Unless something huge has changed in the five years since I stopped working in a shop, we were able to pull codes from European cars with no problem.
Yes, you can buy the tools. But how do you justify buying a $30,000 TestBook system (yes, that is how much it cost, and that is what it was called) that, for the most part, is only useful for resetting EAS Fault codes? That didn't happen over the last 5 years, it happened in late 1995. But this is just for the Land Rover line. Say you need to deal with BMW? Or M-B? You need more units. Even if a small independent repair shop bought all these tools (easily adding up to over $100,000 in addition to all the standard tools necessary to do repairs), they would need to recoup the costs. Land Rover authorized dealers only need to deal with ONE analyzer, so they can afford it. That's the whole point. For BMW and M-B, third party analyzers are available, but not upon the debut of the new model. And with every new model released almost these days, you either need to update the analyzer, or get a new one.
So... you were lucky that you never needed to reset a code to get something working again. That is not the norm. The whole point is to make sure that it is almost unattainable for most mechanics, while marginally avoiding regulators that would want to pound the manufacturers into obedience.
Want your cake and eat it too! (Score:3, Informative)
Didn't we just blast Toyota for having a completely closed system, that only 1 laptop in the US could access.... but now we blast everyone else for having an open system because it can be hacked?
Given physical access to any system it can be hacked.
Copy of the paper (Score:3, Informative)
The paper [autosec.org]
That link really should have been in the summary....
Re:Cccess to unlocked car = can damage it, duh (Score:3, Informative)
I would guess it's related to the Anti-lock Brake System, which needs to calculate how much force should be applied and how rapidly.
Re:So what? (Score:3, Informative)
Re: ECM hacking (Score:1, Informative)
Depending on how radical you want to get, often the fix is to adapt a known / programmable computer to your car. There are many companies who sell kits to do this. "MegaSquirt" was one of the first I had heard of; now several sell for example a GM PCM with harness to fit your car, or sometimes a connector adapter if enough sensor signals are similar. I forget the company names, but a websearch will provide them. Not a solution but hopefully a different angle and fuel for thought...
Shenanigans. (Score:4, Informative)
I'm going to call shenanigans on this post. There has never been a vehicle where you could remove the ECU and expect it to run.
A little history... The introduction of computers to vehicles has happened in many stages.

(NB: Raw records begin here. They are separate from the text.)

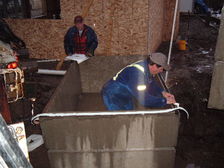 | Joe from South Okanagan Concrete Products installs con-seal on the tank joint of this two piece, single compartment tank prior to installation | |||||||||||||||||||||||||
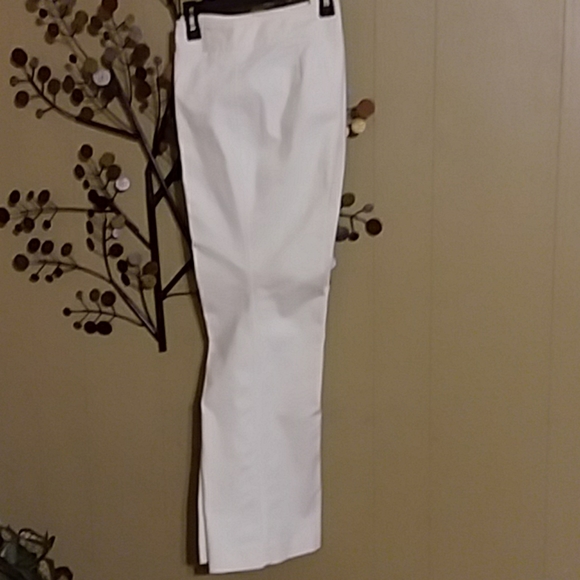 Beautiful pant, 97% Cotton, 3% Lycra Spandex. Machine wash cold, tumble dry low heat. 2 hidden pockets under waistband. Off white in color.
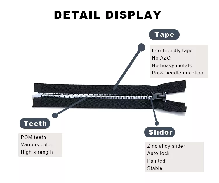 TRC-Reißverschlüsse aus recyceltem Kunststoff bestehen aus hochfesten, geformten Kunststoffzähnen und bieten eine hervorragende Beständigkeit gegen Verformung, Abrieb und wiederholten Gebrauch. Das leichte und langlebige Polyesterband verbessert außerdem die Flexibilität und den Komfort des Reißverschlusses und macht ihn zur idealen Wahl für Bekleidung, Outdoor-Ausrüstung, Gepäck und andere Anwendungen, bei denen Leistung und Haltbarkeit entscheidend sind.
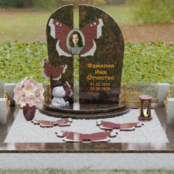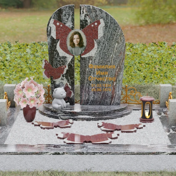 Центральным элементом ансамбля выступает величественная вертикальная стела, разделенная узким вертикальным просветом на две симметричные части. Этот архитектурный прием создает эффект воздушности и позволяет свету проникать сквозь плотную массу камня, символизируя открытость небесных врат и свободу духа. Верхушка стелы оформлена плавным полукруглым изгибом, лишенным острых углов, что дарит ощущение абсолютного умиротворения и вечного покоя. Главным художественным акцентом является мастерски выполненная инкрустация в виде расправленных крыльев бабочки, которые бережно обрамляют центральный овальный портрет. Контрастная игра фактур — зеркально-черного полированного гранита и насыщенных красных вставок с белым природным рисунком — создает поразительный визуальный объем. Изящная золоченая гравировка шрифта придает оформлению особую торжественность, отчетливо выделяясь на темном фоне камня и сохраняя читаемость на долгие десятилетия.
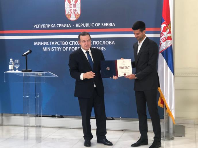Ministar spoljnih poslova Ivica Dačić uručio je danas nagradu teniseru Novaku đokoviću za izuzetan lični angažman i doprinos u promociji interesa Srbije i njenog naroda u svetu, saopštilo je ministarstvo.
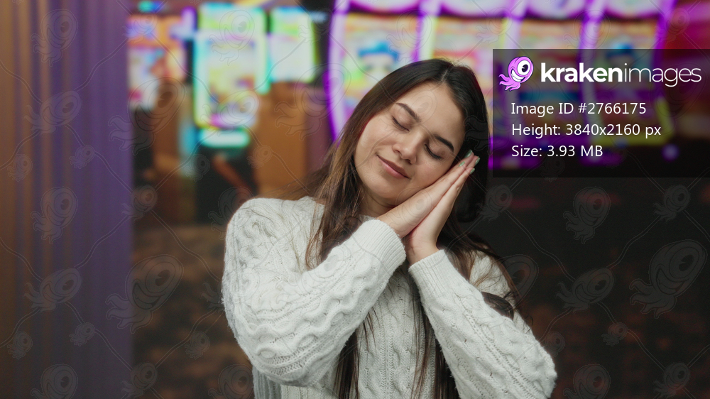 Woman in white sweater posing calm at indoor casino with colorful slot machines in background.

The first stage was the introduction of electronic ignition computers in the late 70s. These systems replaced the vacuum ignition advance on older cars. The signal from the distributor literally ran through the ignition computer. Removing the computer means that there is no connection between engine timing and plug coil. With the ignition computer removed, you have no spark, and the engine cannot start.
The next major step forward was the introduction of electronic fuel injection. This computer was responsible for controlling the fuel injectors. No ECU, means no fuel in the cylinders, which means no running vehicle. Power for the injectors literally comes via the ECU. Without the ECU, the injectors are literally unplugged.
Later vehicles used more computers in more components of the vehicle, to the point that a computer controls the brakes on my motorcycle.
But, there was no time where you could remove an ECU and expect the vehicle to still run.*
* Yes, it is possible to disconnect a lot of the sensors on an electronically fuel injected vehicle, and it will still run. But the ECU must still be in place.
Seriously Slashdot... You call yourself geeks, and you fall for this kind of stuff? Shame.